Supported image formats

Here are the supported image formats. When using the OpenAI SDK to input local images, set image/{format} according to the Content Type column.

Image format

File name extension

Content Type

BMP

.bmp

image/bmp

JPEG

.jpe, .jpeg, .jpg

image/jpeg

PNG

.png

image/png

TIFF

.tif, .tiff

image/tiff

WEBP

.webp

image/webp

HEIC

.heic

image/heic

Image size limitations

  • The size of a single image file must not exceed 10 MB. When using the OpenAI SDK, the Base64-encoded image must not exceed 10 MB either, see .

  • The width and height of an image must both be greater than 10 pixels.
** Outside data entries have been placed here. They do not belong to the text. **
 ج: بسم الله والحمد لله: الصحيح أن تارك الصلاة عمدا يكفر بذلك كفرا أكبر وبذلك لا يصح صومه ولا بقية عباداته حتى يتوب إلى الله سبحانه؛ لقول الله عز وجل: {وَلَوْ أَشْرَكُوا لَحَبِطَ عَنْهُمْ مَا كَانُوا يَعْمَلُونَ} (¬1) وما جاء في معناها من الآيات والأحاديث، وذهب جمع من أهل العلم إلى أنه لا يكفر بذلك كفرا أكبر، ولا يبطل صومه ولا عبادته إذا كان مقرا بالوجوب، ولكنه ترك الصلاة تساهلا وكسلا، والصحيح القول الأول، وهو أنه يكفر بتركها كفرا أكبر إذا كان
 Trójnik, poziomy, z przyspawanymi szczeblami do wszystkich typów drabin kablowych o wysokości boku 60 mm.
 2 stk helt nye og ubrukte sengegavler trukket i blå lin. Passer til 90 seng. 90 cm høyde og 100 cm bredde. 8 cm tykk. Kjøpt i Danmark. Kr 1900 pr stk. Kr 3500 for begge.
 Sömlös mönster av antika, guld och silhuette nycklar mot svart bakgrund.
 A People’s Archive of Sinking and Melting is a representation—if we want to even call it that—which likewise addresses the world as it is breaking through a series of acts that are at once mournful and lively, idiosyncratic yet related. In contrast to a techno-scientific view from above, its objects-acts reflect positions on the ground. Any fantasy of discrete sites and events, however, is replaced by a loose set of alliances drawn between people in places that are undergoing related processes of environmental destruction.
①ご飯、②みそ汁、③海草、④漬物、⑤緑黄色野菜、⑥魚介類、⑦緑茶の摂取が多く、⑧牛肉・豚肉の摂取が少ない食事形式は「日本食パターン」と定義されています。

The aspect ratio must not exceed 200:1 or 1:200.

  • No pixel count limit for a single image, because the model will scale and preprocess the image before understanding. Larger images do not necessarily improve understanding performance. Recommended pixel values:

    • For a single image input to qvq-max, qvq-max-latest, or qvq-max-2025-03-25, the number of pixels should not exceed 1,003,520.

Image number limitations

In multi-image input, the number of images is limited by the model's total token limit for text and images (maximum input). The total token count of all images must be less than the model's maximum input.
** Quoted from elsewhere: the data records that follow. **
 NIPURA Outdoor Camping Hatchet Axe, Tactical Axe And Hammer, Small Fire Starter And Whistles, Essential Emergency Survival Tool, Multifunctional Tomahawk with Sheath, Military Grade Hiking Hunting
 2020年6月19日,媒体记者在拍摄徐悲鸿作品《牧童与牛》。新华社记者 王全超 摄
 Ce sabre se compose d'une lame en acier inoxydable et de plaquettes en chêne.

For example, qvq-max has a maximum input of 106,496 tokens. The default token limit is 1,280 per image. You can set vl_high_resolution_images in DashScope to increase the token limit to 16,384 per image. If your input images are all 1280 × 1280:

Token limit per image

Adjusted image

Image tokens

Maximum number of images

1,280 (default)

980 x 980

1,227

86

16,384

1288 x 1288

2,118

50

API reference

For input and output parameter details, see Qwen.

Error codes

If the call failed and an error message is returned, see Error messages.